Data Wrangling: explain the challenges posed by the inconsistent data set #20

Closed bdravec closed 4 months ago

bdravec commented 4 months ago

create DATA_WRANGLING.md file and insert the findings about the data set. is linked to isse #10 clean data set thoroughly.

Problem description

in the "NAME" column, of 102'349 entries, we only have 61'281 distinct values. this especially interesting, since it's a text field that describes the listing (1 br with a view OR skyscraper in unique building etc.) with several words. This bears the question: why do we have so many duplicate entries in a textfield with ONLY 250 MISSING VALUES but at least half of the descriptions are duplicates? We don't know at this point how to distinguish which entry is the correct one. there is no timestamp with an 'last updated' information.

Analysis

Proposed solution there is an unnamed column, that could be a database counter: whenever a new entry is created, the counter goes up. we cannot be sure however, that this is the case. if it was, the entry with the highest counter would be the most up-to-date entry.

bdravec commented 4 months ago

What is the column 'calculated host listings count'. it doesn't seem to be the number of listings each host has. I don't know what it could be. here a couple of tests that show it's not related to the number of listings: # Create a DataFrame where host name is Aldus aldus_df = df_data[df_data['host name'] == 'Aldus'] aldus_df --> output are 3 listings that have Aldus as a host, however, each of those have 'calculated host listings count' of 3, 2, and 1 respectively.
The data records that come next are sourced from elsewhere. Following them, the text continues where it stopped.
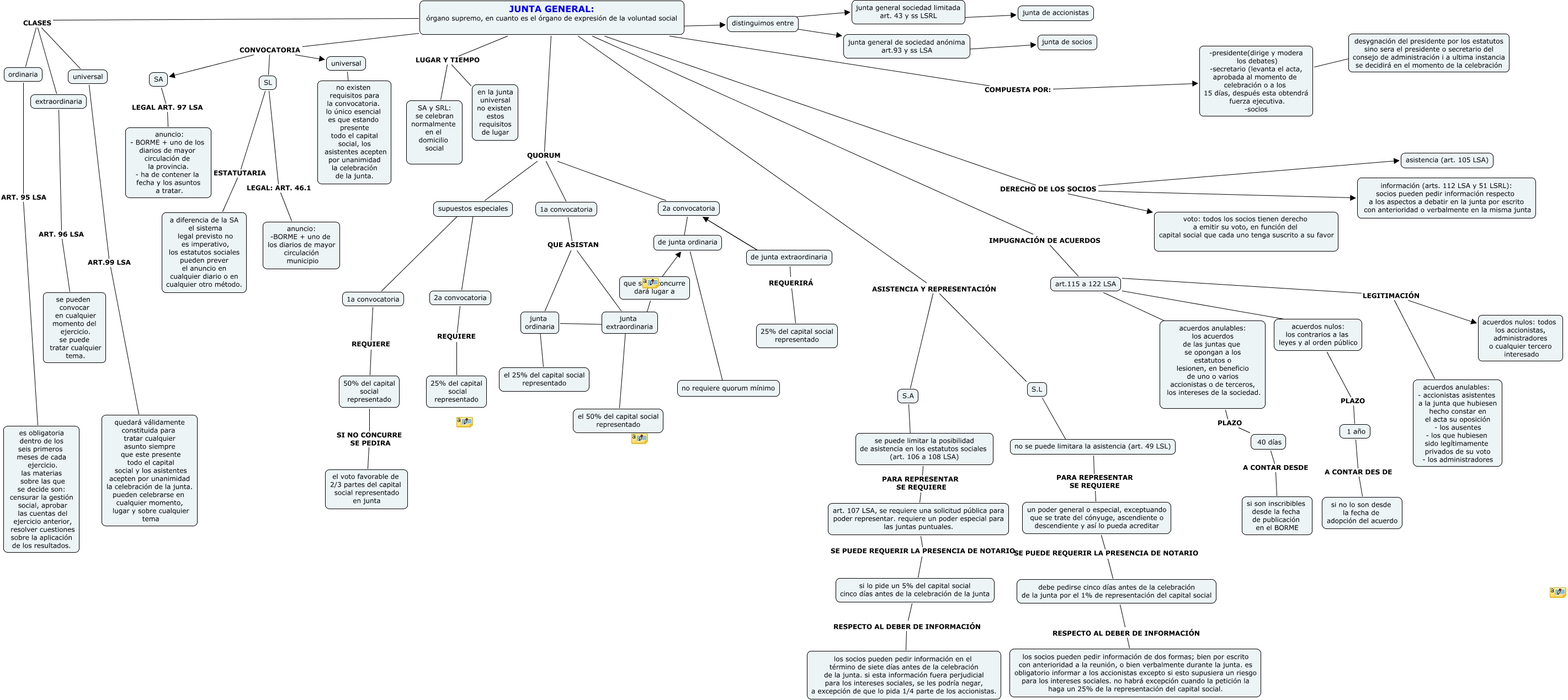 Este mapa conceptual tiene información relacionada a: CMap 5, ordinaria ART. 95 LSA es obligatoria dentro de los seis primeros meses de cada ejercicio. las materias sobre las que se decide son: censurar la gestión social, aprobar las cuentas del ejercicio anterior, resolver cuestiones sobre la aplicación de los resultados., distinguimos entre junta general sociedad limitada art. 43 y ss LSRL, JUNTA GENERAL: órgano supremo, en cuanto es el órgano de expresión de la voluntad social LUGAR Y TIEMPO SA y SRL: se celebran normalmente en el domicilio social, JUNTA GENERAL: órgano supremo, en cuanto es el órgano de expresión de la voluntad social DERECHO DE LOS SOCIOS voto: todos los socios tienen derecho a emitir su voto, en función del capital social que cada uno tenga suscrito a su favor, distinguimos entre junta general de sociedad anónima art.93 y ss LSA, 1 año A CONTAR DES DE si no lo son desde la fecha de adopción del acuerdo, JUNTA GENERAL: órgano supremo, en cuanto es el órgano de expresión de la voluntad social ASISTENCIA Y REPRESENTACIÓN S.A, JUNTA GENERAL: órgano supremo, en cuanto es el órgano de expresión de la voluntad social LUGAR Y TIEMPO en la junta universal no existen estos requisitos de lugar, 1a convocatoria QUE ASISTAN junta extraordinaria, 50% del capital social representado SI NO CONCURRE SE PEDIRA el voto favorable de 2/3 partes del capital social representado en junta
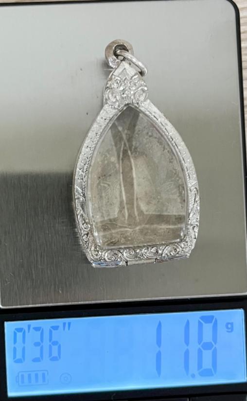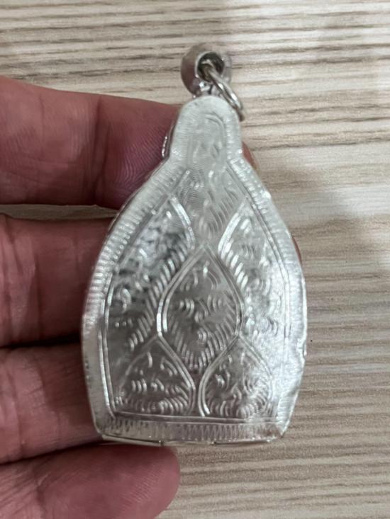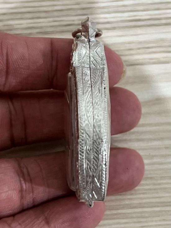 กรอบเงินแกะ ใส่เหรียญเจ้าสัว วัดวงในกว้าง ๒.๓ cm. สูง ๓.๕ cm.น้ำหนัก ๑๑.๘ กรัม |
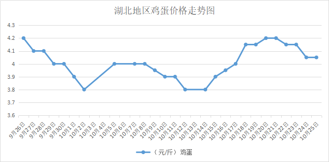 鸡病专业网消息:10月25日,湖北新洲红蛋4.05元/斤,稳;武南红蛋4.5元/斤,稳,粉蛋4.45元/斤,稳;麻城鸡4.05元/斤,稳;孝感鸡蛋4.05元/斤,稳。
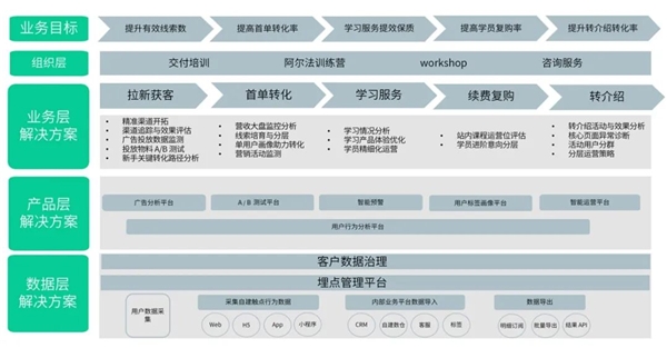 接下來,我們將從 5 大核心增長目標,4 層關(guān)鍵驅(qū)動要素,進一步了解神策數(shù)據(jù)職業(yè)教育 & 素質(zhì)教育解決方案。
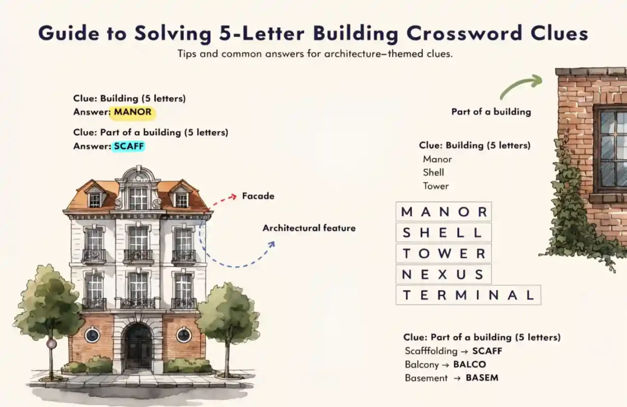 Ofte er ikke oppgaven å finne selve bygget, men en spesifikk Del av bygning kryssord. Dette kan være alt fra de store strukturene som «vegg» og «tak», til mer detaljerte arkitektoniske elementer som «gesims», «altan» eller «spire». Disse ordene er ofte vanskeligere fordi de krever teknisk innsikt i hvordan et hus faktisk er satt sammen.

# Create a DataFrame where host name is Madaline madaline_df = df_data[df_data['host name'] == 'Madaline'] madaline_df --> output are 4 listings that have Madaline as a host, however the 'calculated host listings count' in Madalines row is 6

bdravec commented 4 months ago

@bdravec frage Riccardo, was wir tun sollen

bdravec commented 4 months ago

Email sent to Riccardo Dear Riccardo

I hope this finds you well. While wrangling the Airbnb data set we’ve encountered a disturbing inconsistency:

Is this a well-known inconsistency in the data set (new listing is created when user updates a listing)? Without knowing which listings are the ‘updated’ ones, we cannot clean the data very well.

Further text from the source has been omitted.